From a European, specifically Nordic perspective, digital departments at most media agencies are under increasing pressure from their advertiser clients to get media deals that not CPM based. The CPM measure is a measure of Impressions, not Engagement.   Integrating the two measures is the real challenge facing media owners and media buyers. Measuring Engagement is mainly about tracking post-impression activities;  the consumer´s follow-up actions over the next 15 to 30 days. Online brand-name searches for example, or visits to the advertiser´s website. To capture this kind of data, most ad serving systems have something called "view-through" and "buy-thru measures. The problem is that these measures are usually not properly weighted in the ad server itself.
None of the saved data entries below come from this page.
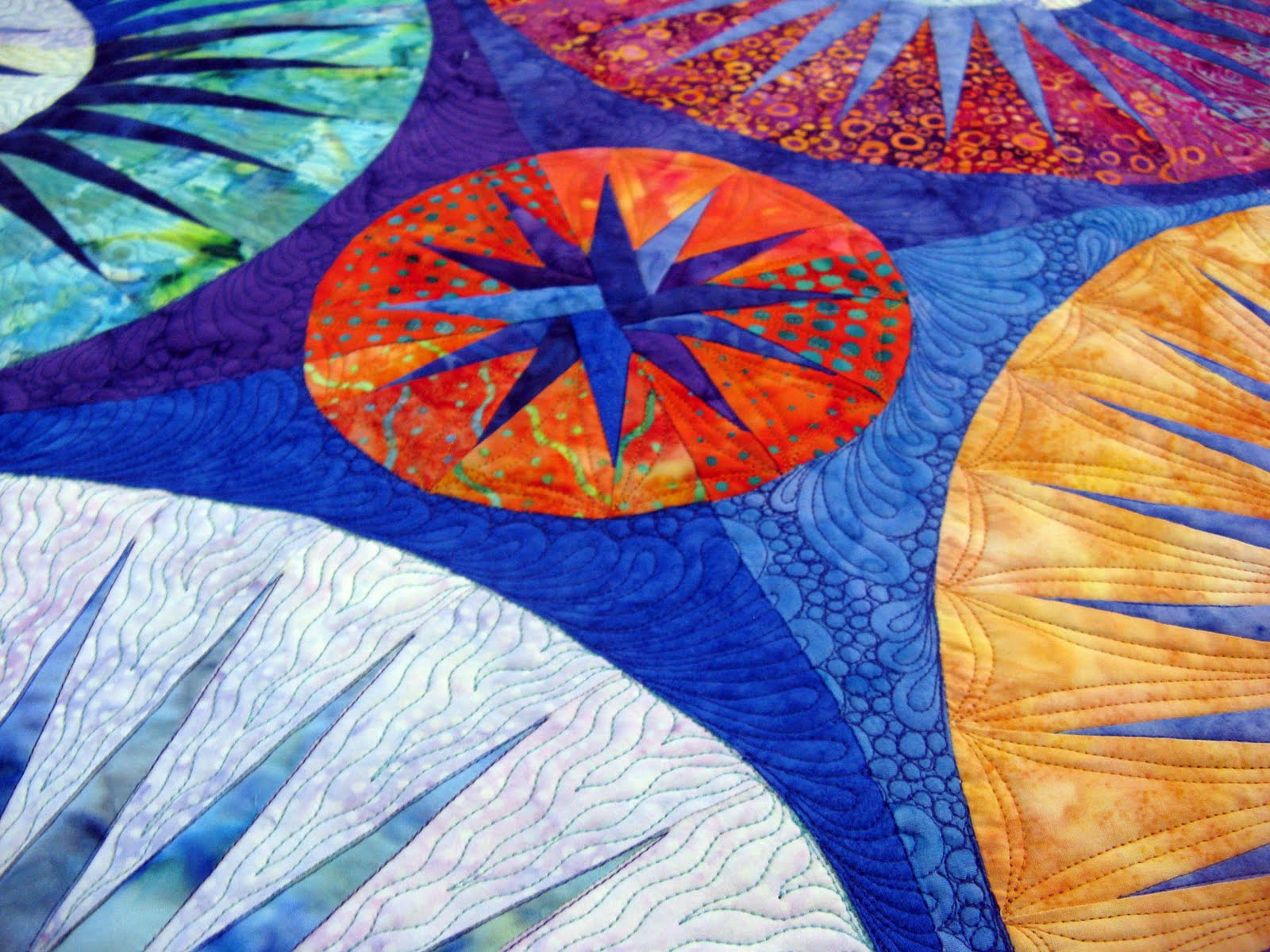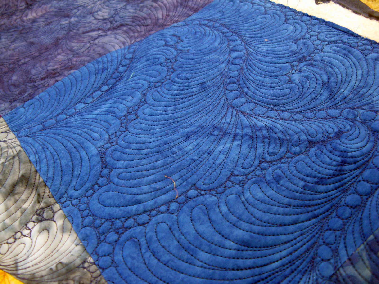 I did freehand feathers with circles in the center of the feathers for the background of the quilt. I then filled in the space with pebbling.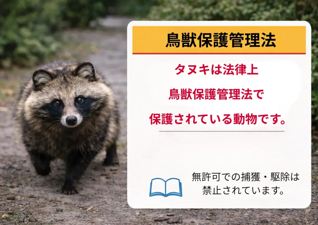 タヌキは鳥獣保護管理法で保護されているため、個人での捕獲は違法です。駆除が必要な場合は、まず自治体に相談し、許可を得た上で専門業者に依頼してください。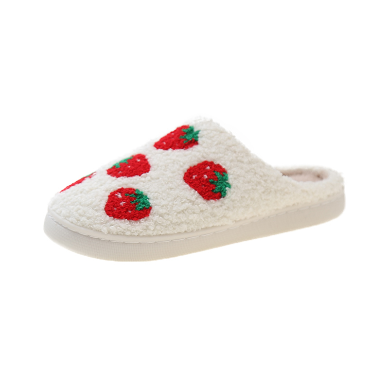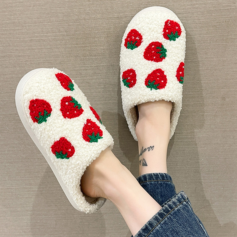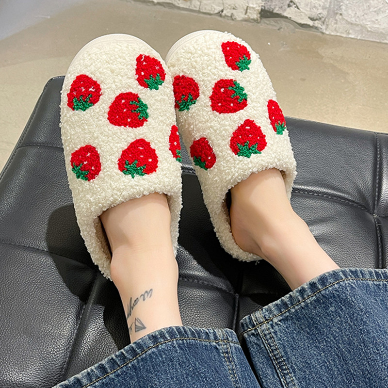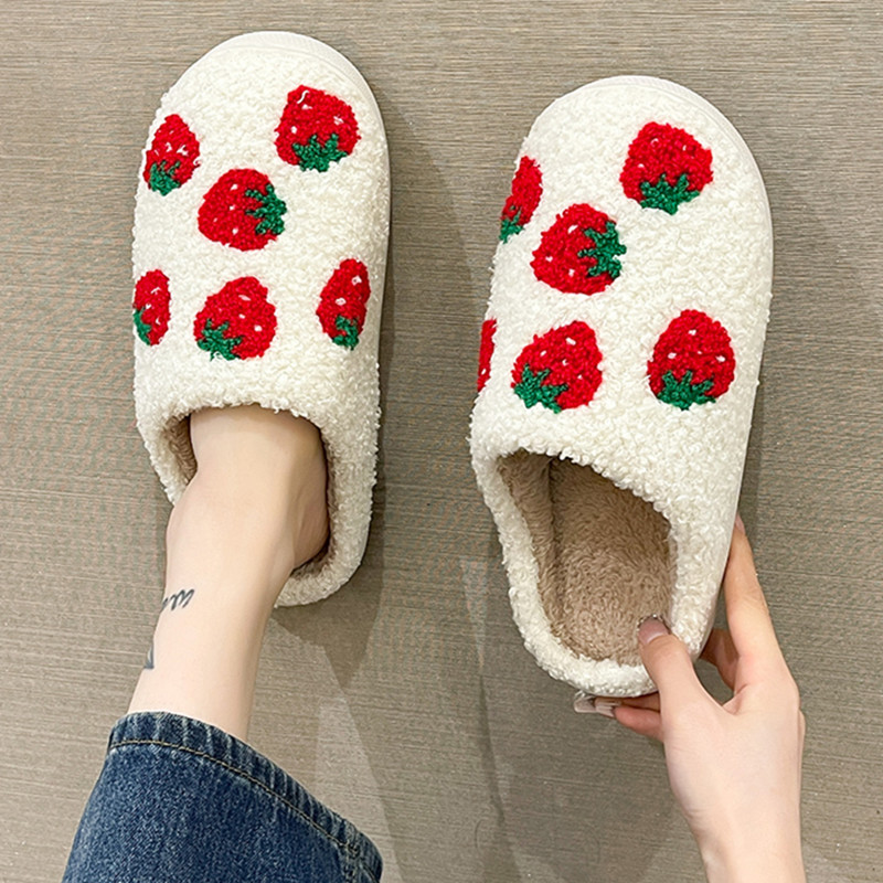 Red embroidered strawberry cotton slippers pink embroidered honey peach cotton slippers red embroidered cherry cotton slippers yellow embroidered pineapple cotton slippers

This is because most ad serving systems are set up to "reward" transactional or immediate responses - clicks. So more ad impressions are automatically served to those campaigns that demonstrate the most immediate clicks. Despite the numerous studies that show that those who click on banners tend not to be the best qualified leads for most advertisers. Finding a way to integrate Engagement and Impressions within the same tracking system (and avoiding the ad serving distortion effect) would create a ton of value for everybody.

Russell Lack

The point highlighted by Armano on inability of the CMO's & agencies to sustain engagement & marketing is rather critical in today's context also, and limiting the use of social technology by brands & organizations. What will be interesting to see is who is able to align best the 4 pillars. Advertising & PR of course are expected to lead from the front & lead the alignment. But today, even traditional web agencies & technology media companies are also looking at offering a 360 degree digital perspective to clients. I think the race has just begun.

Samraat Kakkar

EmpowHER just completed a campaign for a large medical device company that involved a blend of engagement and impressions over 30 days. The campaign was a success achieving 150% more views than stated in the goal. The key to this campaign was two fold: 1.  The campaign used an intriguing ad that asked a provocative question to drive people to view a video to address a targeted health-related question.  2.  The video was funny and entertaining. I believe that reach is the first step.  Engagement and influence will produce the ROI.